Could you retype the lines below, starting at the line holding "현대중공업사내하청지회가 강환구 현대미포조선" and stopping at the line holding "Black 7 Drawer", inclusive? Copy them exactly and drop the images.

| Record excerpts |
◆ ◆ ◆

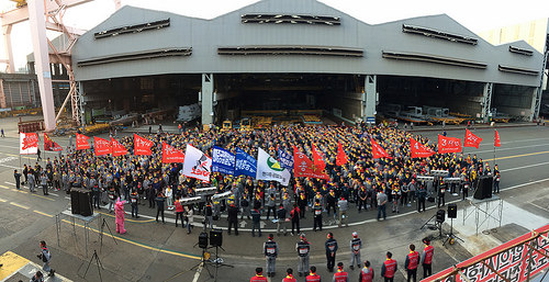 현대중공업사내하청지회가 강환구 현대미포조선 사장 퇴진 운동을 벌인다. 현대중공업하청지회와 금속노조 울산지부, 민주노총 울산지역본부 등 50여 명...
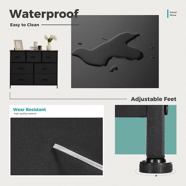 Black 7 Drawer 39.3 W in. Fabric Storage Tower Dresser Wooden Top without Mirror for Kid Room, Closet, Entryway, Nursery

◆ ◆ ◆

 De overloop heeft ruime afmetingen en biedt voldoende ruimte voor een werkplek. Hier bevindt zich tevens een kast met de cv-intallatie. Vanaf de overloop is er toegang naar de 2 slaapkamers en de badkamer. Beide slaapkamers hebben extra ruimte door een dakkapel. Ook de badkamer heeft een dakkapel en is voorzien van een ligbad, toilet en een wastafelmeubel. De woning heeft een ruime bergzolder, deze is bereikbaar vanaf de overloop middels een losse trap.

◆ ◆ ◆

| Solution to the problem |
 현대중공업사내하청지회가 강환구 현대미포조선 사장 퇴진 운동을 벌인다. 현대중공업하청지회와 금속노조 울산지부, 민주노총 울산지역본부 등 50여 명...
 Black 7 Drawer 39.3 W in. Fabric Storage Tower Dresser Wooden Top without Mirror for Kid Room, Closet, Entryway, Nursery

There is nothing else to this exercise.